Add ADR for etcd snapshot CRD migration

Signed-off-by: Brad Davidson <brad.davidson@rancher.com>
pull/8624/head
Brad Davidson 2023-07-28 00:19:34 +00:00 committed by Brad Davidson
parent 9bb1ce1253
commit 22065affa2
1 changed files with 53 additions and 0 deletions

View File

@ -0,0 +1,53 @@
# Store etcd snapshot metadata in a Custom Resource
Date: 2023-07-27
## Status
Accepted
## Context
K3s currently stores a list of etcd snapshots and associated metadata in a ConfigMap.
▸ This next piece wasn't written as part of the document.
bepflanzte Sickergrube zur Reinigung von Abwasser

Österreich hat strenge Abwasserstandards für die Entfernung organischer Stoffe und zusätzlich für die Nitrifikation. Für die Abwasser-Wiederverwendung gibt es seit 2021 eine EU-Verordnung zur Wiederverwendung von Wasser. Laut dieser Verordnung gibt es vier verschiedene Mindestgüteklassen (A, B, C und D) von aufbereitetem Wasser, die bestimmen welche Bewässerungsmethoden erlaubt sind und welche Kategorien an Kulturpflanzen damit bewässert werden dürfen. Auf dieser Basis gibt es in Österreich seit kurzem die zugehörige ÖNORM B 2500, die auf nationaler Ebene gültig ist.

Other downstream
projects and controllers consume the content of this ConfigMap in order to present cluster administrators with
a list of snapshots that can be restored.
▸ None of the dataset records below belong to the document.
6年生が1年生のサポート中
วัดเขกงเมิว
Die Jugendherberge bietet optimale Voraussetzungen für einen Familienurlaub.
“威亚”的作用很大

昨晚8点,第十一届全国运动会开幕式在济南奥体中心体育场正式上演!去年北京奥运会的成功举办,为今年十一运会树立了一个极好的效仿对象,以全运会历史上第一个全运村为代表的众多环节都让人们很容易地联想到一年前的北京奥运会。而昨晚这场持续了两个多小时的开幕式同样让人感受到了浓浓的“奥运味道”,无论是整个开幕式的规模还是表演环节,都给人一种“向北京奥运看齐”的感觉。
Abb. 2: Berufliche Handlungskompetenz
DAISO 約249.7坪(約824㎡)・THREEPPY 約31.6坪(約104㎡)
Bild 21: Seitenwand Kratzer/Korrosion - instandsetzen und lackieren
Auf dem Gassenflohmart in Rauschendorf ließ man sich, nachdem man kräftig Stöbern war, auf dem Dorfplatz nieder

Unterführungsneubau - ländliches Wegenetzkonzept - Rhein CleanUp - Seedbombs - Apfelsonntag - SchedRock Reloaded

On clusters with more than a handful of nodes, and reasonable snapshot intervals and retention periods, the snapshot
list ConfigMap frequently reaches the maximum size allowed by Kubernetes, and fails to store any additional information.
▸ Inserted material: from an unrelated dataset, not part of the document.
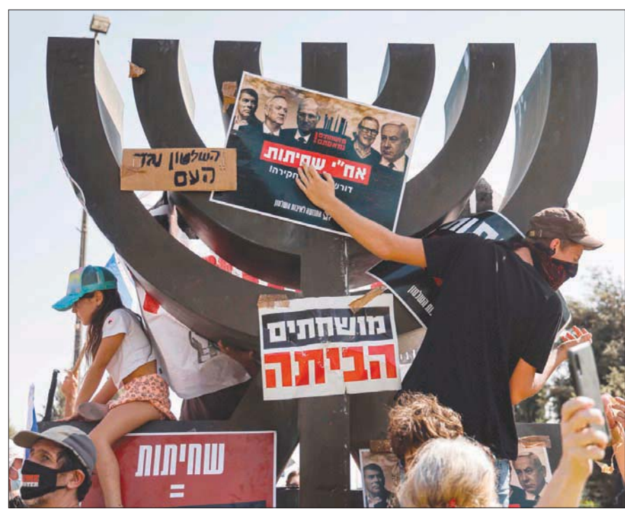
متظاهرون أمام الكنيست في سبتمبر يرفعون ملصقات معارضة للحكومة احتجاجاً على أفعالها

تل أبيب، نظير مجلي قرّر قرار القيادة السياسيين في إسرائيل، في الائتلاف الحاكم وفي المعارضة، على إجراء انتخابات جديدة، ستكون الرابعة خلال سنتين، وهذه المرة كانت «القشة» قرار رئيس حزب «كحول لغان» وزير الأمن، بني غانتس، تشكيل لجنة تقصي حقائق حول فضيحة الغواصات. فقد هاجمه رئيس الوزراء، بنيامين نتانياهو، وجميع قادة حزب الليكود الحاكم، واتهموه باستغلال الجيش لأغراض حزبية، فيما قال غانتس إن نتانياهو هو الذي يدفع إلى انتخابات. وقال رئيس المعارضة من حزب «يش عتيد تيلم»، يائير لبيد، إنه لا يصدق أن غانتس جاد في توجهه لتفكيك الحكومة، وطرح على الكنيست (البرلمان) مشروعاً لنزع الثقة عن الحكومة لاختبار مدى جدية، سيجري التداول فيه غداً الأربعاء. وكان غانتس قد ضرب عرض الحائط بطلبات نتانياهو الائتلاف عن تشكيل لجنة تحقيق حول موضوع الغواصات، وقال له: «لقد فحص الاستشار القضائي للحكومة، أياً، من مندليبت، هذا الملف من جميع جوانبه، وتوصل إلى الاستنتاج بأنه لا توجد قضية فساد يمكن محاكمة نتانياهو عليها في هذا الملف». لكن غانتس، الذي يتعرض لضغوط من قوى سياسية ومن قادة كبار سابقين

The snapshots are still created, but they cannot be discovered by users or accessed by tools that consume information
from the ConfigMap.
When this occurs, the K3s service log shows errors such as:
```
level=error msg="failed to save local snapshot data to configmap: ConfigMap \"k3s-etcd-snapshots\" is invalid: []: Too long: must have at most 1048576 bytes"
```
Reference:
* https://github.com/rancher/rke2/issues/4495
* https://github.com/k3s-io/k3s/blob/36645e7311e9bdbbf2adb79ecd8bd68556bc86f6/pkg/etcd/etcd.go#L1503-L1516
### Existing Work
Rancher already has a `rke.cattle.io/v1 ETCDSnapshot` Custom Resource that contains the same information after it's been
imported by the management cluster:
* https://github.com/rancher/rancher/blob/027246f77f03b82660dc2e91df6bf2cd549163f0/pkg/apis/rke.cattle.io/v1/etcd.go#L48-L74
It is unlikely that we would want to use this custom resource in its current package; we may be able to negotiate moving
it into a neutral project for use by both projects.
## Decision
1. Instead of populating snapshots into a ConfigMap using the JSON serialization of the private `snapshotFile` type, K3s
will manage creation of an new Custom Resource Definition with similar fields.
2. Metadata on each snapshot will be stored in a distinct Custom Resource.
3. The new Custom Resource will be cluster-scoped, as etcd and its snapshots are a cluster-level resource.
4. Downstream consumers of etcd snapshot lists will migrate to watching the Custom Resource, instead of the ConfigMap.
5. K3s will observe a three minor version transition period, where both the new Custom Resource, and the existing
ConfigMap, will both be used.
6. During the transition period, older snapshot metadata may be removed from the ConfigMap while those snapshots still
exist and are referenced by new Custom Resources, if the ConfigMap exceeds a preset size or key count limit.
## Consequences
* Snapshot metadata will no longer be lost when the number of snapshots exceeds what can be stored in the ConfigMap.
* There will be some additional complexity in managing the new Custom Resource, and working with other projects to migrate to using it.